▶ [Exercise]
Pictures do not belong in the copy; quote every entry below exactly.

[Excerpts from a dataset]
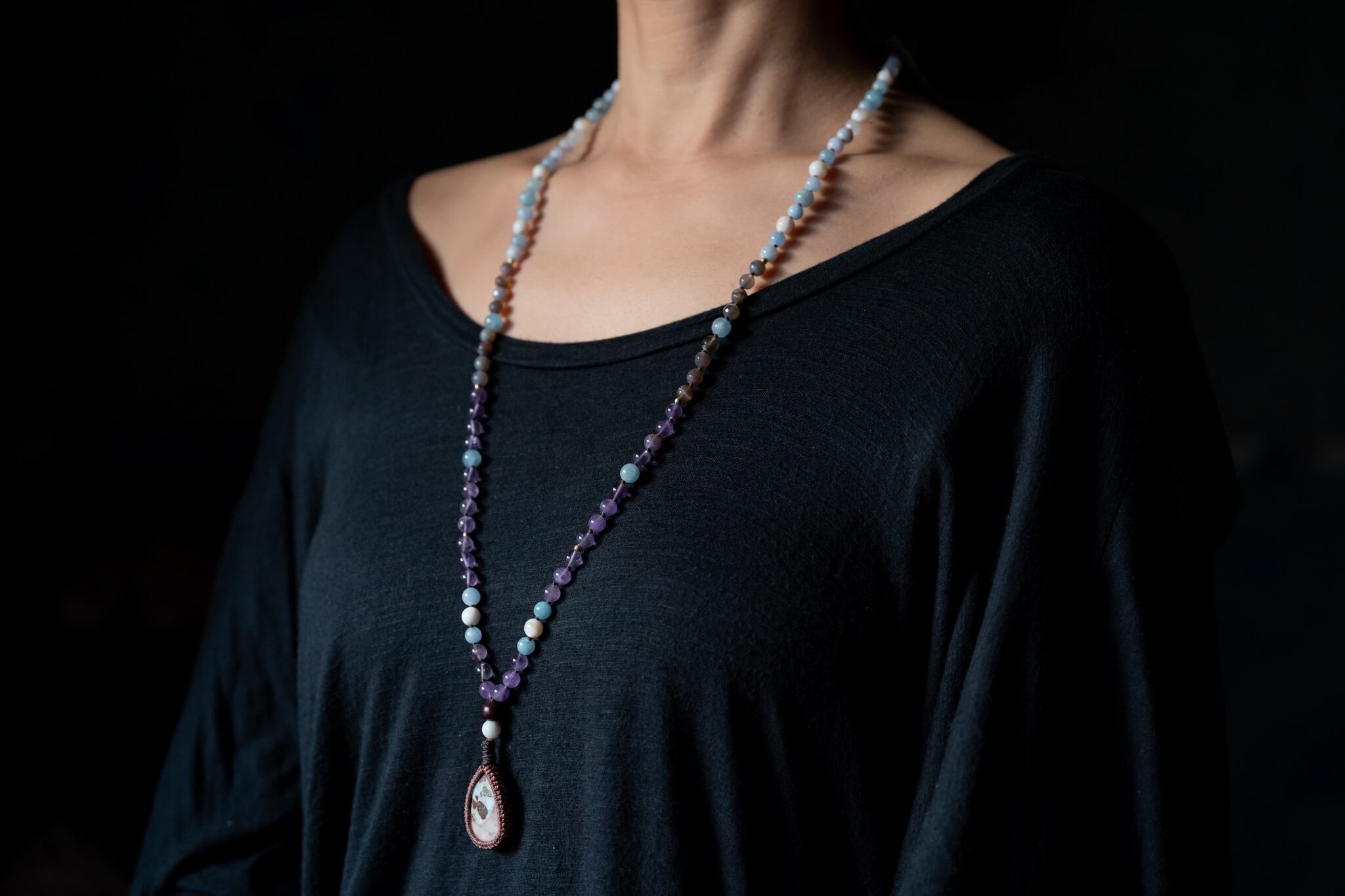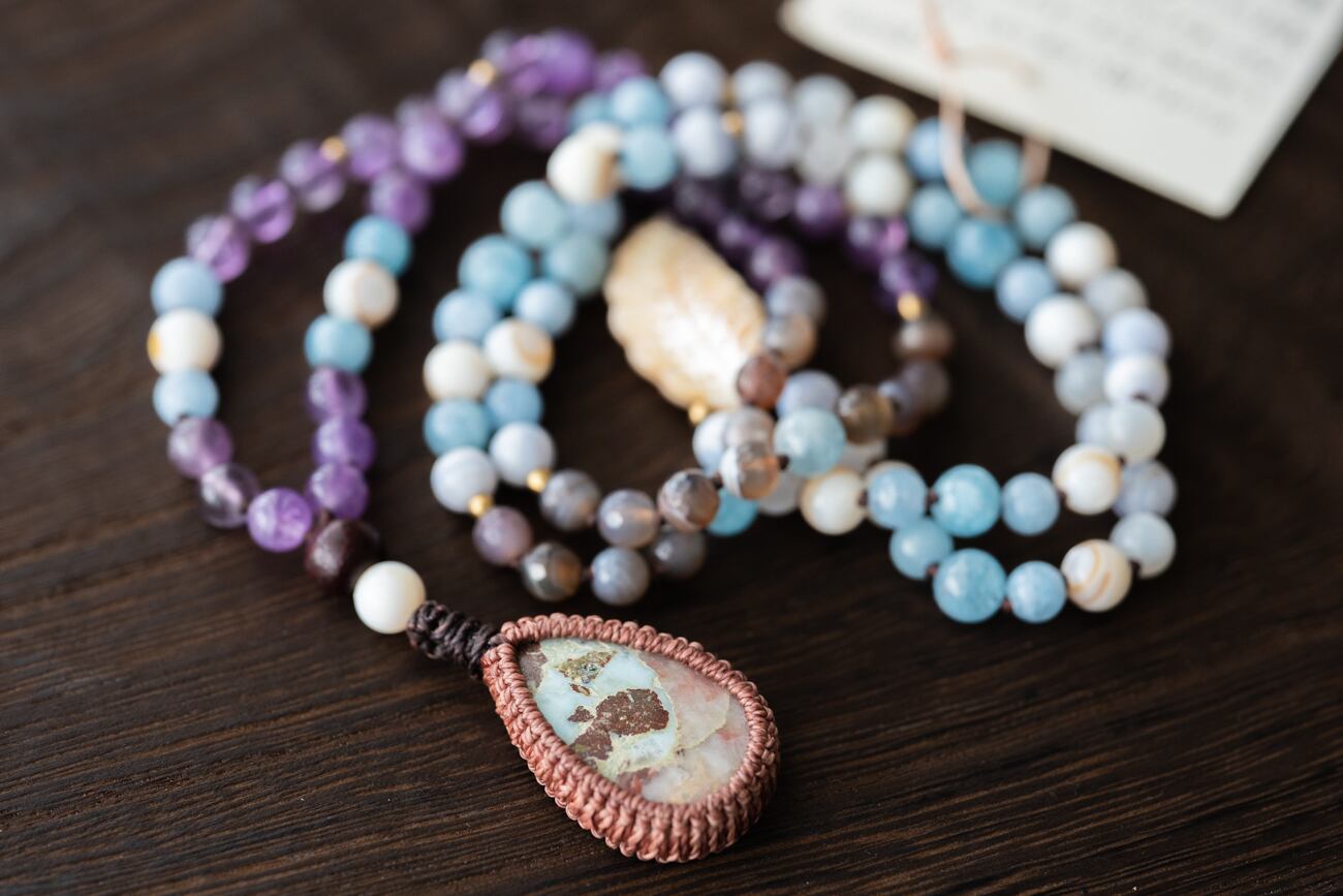 いろいろな石を使いましたが、バランスのよい落ち着いたエネルギーのマラになりました。
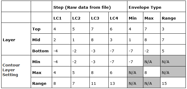 Contourパネルで特定の層が選択されると、その層についてすべての荷重ステップを巡回することでエンベロープ値が求められ、Min/Max/Rangeの値がレポートされます。層の集約がMin/Max/Extreme/Average/Rangeにセットされると、結果はEnvelope用に定義されたすべての荷重ステップを含む層すべてについて計算されます。
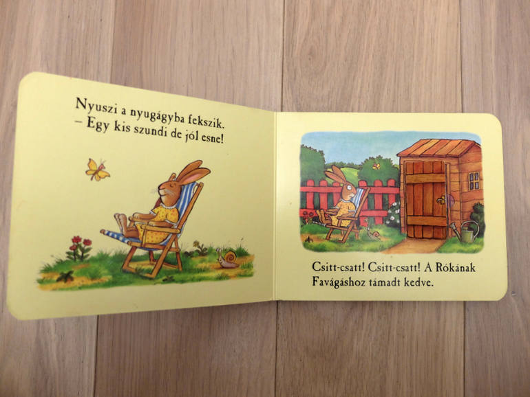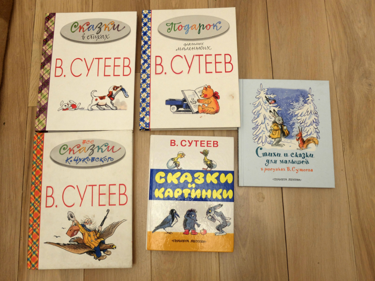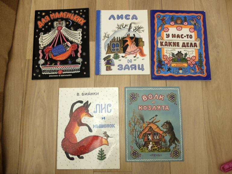 Из наших книг самая любимая про зайчиху Нюсю, которой все мешали спать, потом идет медведь, который приглашал друзей на день рождения, на третьем месте лис, который искал свои шмотки по всем укромным местам квартиры.
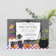 Cheio de diversão, esses convites incluem um conjunto de chá, um gato, guloseimas de Halloween e mais feito em um esquema de cores divertidas de preto, laranja, verde e púrpura!
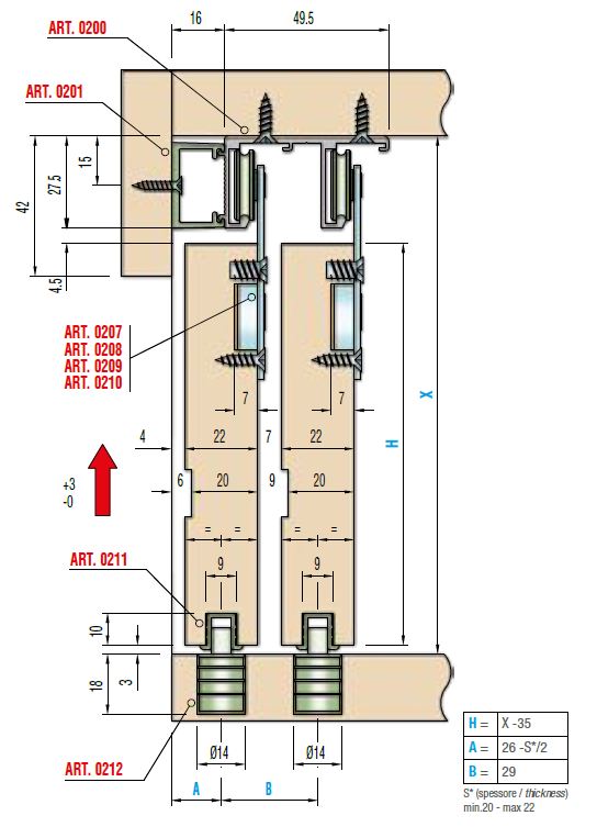 Pro lamino 16-18mm Nosnost: 25 kg Sada obsahuje kování pro jedno křídlo - 2x vozík, 2x brzda, 1x vodící trn. Výška křídla = výška otvoru - 35mm. Náhradní brzda - 346817 SIS-art.0202 brzda.

▶ [Expected output]
 いろいろな石を使いましたが、バランスのよい落ち着いたエネルギーのマラになりました。
 Contourパネルで特定の層が選択されると、その層についてすべての荷重ステップを巡回することでエンベロープ値が求められ、Min/Max/Rangeの値がレポートされます。層の集約がMin/Max/Extreme/Average/Rangeにセットされると、結果はEnvelope用に定義されたすべての荷重ステップを含む層すべてについて計算されます。
 Из наших книг самая любимая про зайчиху Нюсю, которой все мешали спать, потом идет медведь, который приглашал друзей на день рождения, на третьем месте лис, который искал свои шмотки по всем укромным местам квартиры.
 Cheio de diversão, esses convites incluem um conjunto de chá, um gato, guloseimas de Halloween e mais feito em um esquema de cores divertidas de preto, laranja, verde e púrpura!
 Pro lamino 16-18mm Nosnost: 25 kg Sada obsahuje kování pro jedno křídlo - 2x vozík, 2x brzda, 1x vodící trn. Výška křídla = výška otvoru - 35mm. Náhradní brzda - 346817 SIS-art.0202 brzda.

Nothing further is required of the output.